Solution 1-B: Another simple solution would be to simply assign the id value as time.Now().String() value as the id. This would work since goroutines don’t exactly run in parallel. This would pass the tests (mentioned in the challenge), but this starts failing if you increase the rate from 1000->1000000. This happens because there is a possibility of 2 commands being running at exactly the same time across 2 nodes (especially when request rate is high). This can be mitigated using the nodeID. We can simply append the nodeID to the timestamp string and then all the returns ids would be unique. You can find the solution here.

There can be more solutions to this problem, but the objective here is to give you an idea. Here, a single node can independently serve the request without collaborating with the other nodes.

Availability + Consistency

Here, we can assume the system to have no network failures. That means, all nodes can communicate to each other at all times. They should be able to maintain a consistent global counter.

Generally, to maintain a consistent state of a variable in a distributed network, we select a master node which is responsible to manage the value of the counter. It has 2 responsibilities:

1. When the value of counter is to be increment, any node will send the increment request to master node. Then, master node accepts or rejects this request using a consensus protocol.
2. It returns the current value of the counter.
3. You might create an independent service like a distributed database or key value store which provides this functionality.

Hence, this shows that for consistency to be maintained, all services should be able to communicate to the master node and vice versa. Hence, a consistent system can be totally available only when no network partitions are present.

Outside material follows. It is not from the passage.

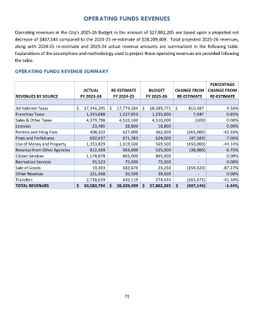 Operating revenues in the City's 2025-26 Budget in the amount of $27,802,265 are based upon a projected net

You can view a simple solution using maelstrom.LinkKV (maelstrom’s inbuilt Key-Value store service) here:

We will also try implementing the master node algorithm (n0 is considered master in our examples). For simplicity, we won’t use any consensus algorithm. Rather, we will take a pre-conditition value. So rather than implementing the Read and Write functions for counter, we would implement the Read and CAS (Compare and swap function).

CAS functions are an important part of distributed systems. The idea is simple:

Write(key, newValue)

CAS(key, fromValue, newValue)

They accept another argument fromValue , the key value is only updated if fromValue provided matches the existing keyValue. This verifies that the user only updates the expected state. If the value of key is updated before by another process (node or goroutine), the write operation should not continue.

Let’s understand the problem with simple Write operation in more detail:

func getCounter(n *maelstrom.Node) (int, error) {
 lock.Lock()
 defer lock.Unlock()
 if n.ID() == "n0" {
  return COUNTER, nil
 }

 resp, err := n.SyncRPC(context.TODO(), "n0", map[string]any{
  "type": "get_counter",
 })
 if err != nil {
  return 0, err
 }

 var body map[string]any
 if err := json.Unmarshal(resp.Body, &body); err != nil {
  return 0, err
 }
 return int(body["id"].(float64)), nil
}

func writeCounter(n *maelstrom.Node, newValue int) error {
 lock.Lock()
 defer lock.Unlock()
 if n.ID() == "n0" {
  COUNTER = newValue
  return nil
 }

 if err := n.Send("n0", map[string]any{
  "type": "write_counter",
  "id":   newValue,
 }); err != nil {
  return err
 }
 return nil
}

n.Handle("generate", func(msg maelstrom.Message) error {
  var body map[string]any
  if err := json.Unmarshal(msg.Body, &body); err != nil {
   return err
  }

  newID, err := getCounter(n)
  if err != nil {
   logger.Errorf("error getting counter: %v", err)
   return err
  }
  if err := writeCounter(n, newID+1); err != nil {
   logger.Errorf("error writing counter: %v", err)
   return err
  }
  body["id"] = newID
  body["type"] = "generate_ok"
  n.Reply(msg, body)
  return nil
 })

 n.Handle("get_counter", func(msg maelstrom.Message) error {
  body := map[string]any{
   "id": COUNTER,
  }
  n.Reply(msg, body)
  return nil
 })

 n.Handle("write_counter", func(msg maelstrom.Message) error {
  var body map[string]any
  if err := json.Unmarshal(msg.Body, &body); err != nil {
   return err
  }

  COUNTER = int(body["id"].(float64))
  return nil
 })

The problem:

Let’s say 2 nodes — n1 and n2 simultaneously read the counter value as 0. Then, they both make a write request for 0+1 = 1 . Hence, the value of counter is now updated to 1, and then both the nodes return the id as 0.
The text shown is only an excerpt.